Gulab jamun is a dessert from India. It is presented in the form of dumplings, cooked in oil and served with a thick syrup.
Gulab jamun INGRÉDIENTS:
- 250 g milk powder
- 120 g white flour
- 25 cl milk
- 2 tablespoon (s) of butter
- 1 packet of dry yeast
- 3 teaspoon (s) of sugar
- 4 green cardamoms
- 2 tablespoon (s) lemon juice
- Mix the powdered milk and the flour in a bowl. Add the butter and sand the dough.
- Add the milk (liquid), knead and collect everything into a uniform paste. Form very smooth dumplings (Gulabs) without cracking the size of a walnut (so that they do not come off during frying).
- Immerse the Gulab in an oil bath and mix them delicately in all directions so that they are evenly browned. As soon as they get a nice color, let them drain, on absorbent paper.

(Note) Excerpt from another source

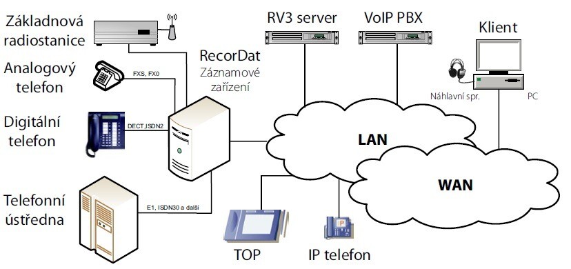 - Digitální záznam hovorů z různých typů telekomunikačních rozhraní (telefony analogové, digitální, VoIP hovory, telefonní ústředny, radiostanice atd.)

- Prepare the syrup by mixing 3 tsp. sugar with 7 tsp. coffee, crushed cardamom, and lemon juice. Cook over low heat (you can flavor the syrup with rose water).
- Immerse the Gulab in the syrup, and let them absorb the syrup until they are very spongy and moist.
- Serve in a hollow container with the liquid syrup.
You can keep it cool for a few days. You can decorate them with dried fruits: almonds, cashews … or silver paper leaves that can be found in Indian grocery stores.